Foothill Music Theatre has fun with ‘Mystery of Edwin Drood’
Foothill Music Theatre takes its audience back to the 1890s when music halls were a major source of entertainment in England.
The result is an entertaining evening of theater with FMT’s production of “The Mystery of Edwin Drood.”
Rupert Holmes, who wrote the music, lyrics and book, based this musical on a novel by Charles Dickens, who died before completing it. Instead, Holmes asks the audience to decide some key questions.
Under the astute direction of Milissa Carey, this excellent cast of students and seasoned performers creates a mix of characters from the ingénue to a gravedigger, opium den operator and some seemingly more respectable people whose actions come under suspicion.
Before the show starts, the costumed actors mingle with and chat with the audience. All of them implore the audience to boo John Jasper (Benjamin Ball), whenever he appears.
Scenes and characters are introduced by the Chairman (John Mannion).
Jasper is the uncle of the title character, played by a woman, Chloë Angst, as called for in Holmes’ script. Jasper also is the music teacher secretly in love with the lovely Rosa Bud (Brenna Sammon), who’s engaged to Edwin.
Rosa, an orphan, is under the care of the Rev. Mr. Crisparkle (Aaron Hurley). Soon he welcomes an exotic brother and sister from Ceylon, Helena (Rachelle Abbey) and Neville (David Murphy) Landless. The volatile Neville is immediately smitten by Rosa.
Completing the cast of principals is Heather Orth as Princess Puffer, a fallen woman who runs the opium den frequented by Jasper; and Linda Piccone as Durdles, a drunken gravedigger.
When Edwin disappears while on a Christmas Eve walk, suspicion falls on Neville, who was with Edwin. However, when Edwin hasn’t turned up after six months, others are suspected.
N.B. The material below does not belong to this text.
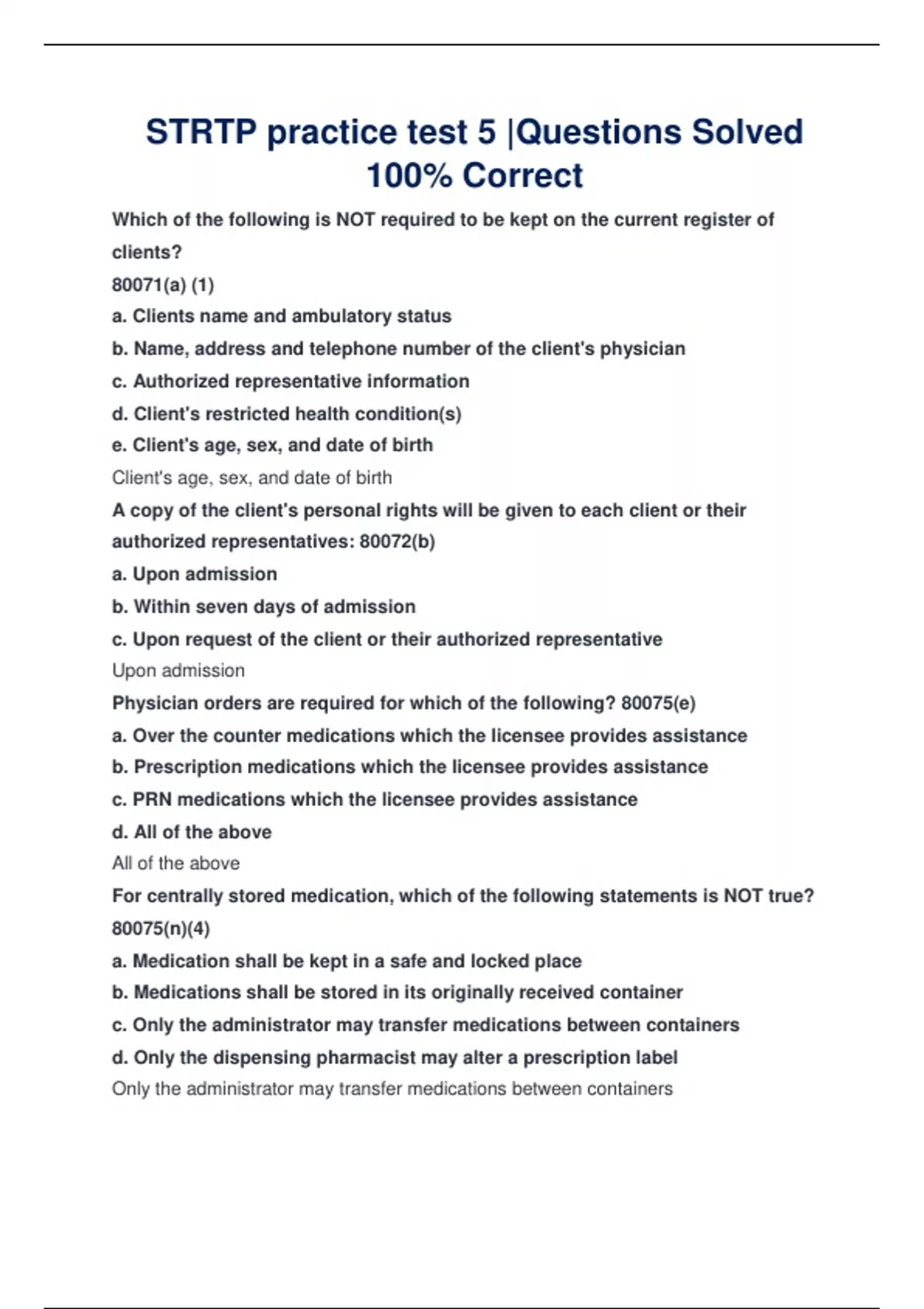 Which of the following is NOT required to be kept on the current register of clients? 80071(a) (1) a. Clients name and ambulatory status b. Name, address and telephone number of the client's physician c. Authorized representative information d. Client's restricted health condition(s) e. Client's age, sex, and date of birth Client's age, sex, and date of birth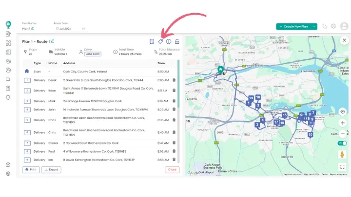 Navigate to the route planning screen and underneath the calendar you will see ‘Routes sent to drivers’. Click the button ‘view route’.

In the meantime, several people investigate his disappearance. They include the mysterious Dick Datchery, whose real identity is apparently unknown.
It’s up to the audience to vote on who among seven suspects is the culprit in Drood’s disappearance, as well as the identity of Datchery and the ideal romantic couple.
The ending varies according to the votes, so the actors must be prepared for several contingencies, but not as many as one might think at first.
All of the principals sing well, especially Angst as Edwin, Sammon as Rosa and Orth as Princess Puffer.
The entire large cast is energetic and engaging, seeming to enjoy everything as much as the audience does.
Aiding in the production’s success is the small orchestra led by music director Amanda Ku and the choreography by Kayvon Kordestani.
Julie Engelbrecht’s period costumes are especially impressive. The set is by Carlos Aceves, who also did the projections. Lighting is by Pamila Gray and sound by Andrew Heller.
Running about two hours and 20 minutes with one intermission, “The Mystery of Edwin Drood” isn’t great theater, but this production sure is great fun.
It will continue through March 15 in Foothill College’s Lohman Theatre, 12345 El Monte Road, Los Altos Hills.